John Searle Makes A Forceful Case for Studying Consciousness, Where Everything Else Begins

Consciousness is the single most important aspect of our lives, says philosopher John Searle. Why? “It’s a necessary condition on anything being important in our lives,” he says. “If you care about science, philosophy, music, art — whatever — it’s no good if you are a zombie or in a coma.”

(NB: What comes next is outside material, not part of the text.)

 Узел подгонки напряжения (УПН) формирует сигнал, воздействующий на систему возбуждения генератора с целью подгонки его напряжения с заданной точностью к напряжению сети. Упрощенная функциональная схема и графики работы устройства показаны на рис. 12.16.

Searle is one of today’s preeminent philosophers of mind. Author of the famous “Chinese Room” argument against the possibility of true artificial intelligence, Searle has been a persistent thorn in the side of those who would reduce consciousness to computation, or conflate it with behavior. Despite its intrinsically subjective nature, consciousness is an irreducible biological phenomenon, he says, “as much subject to scientific analysis as any other phenomenon in biology, or for that matter the rest of science.”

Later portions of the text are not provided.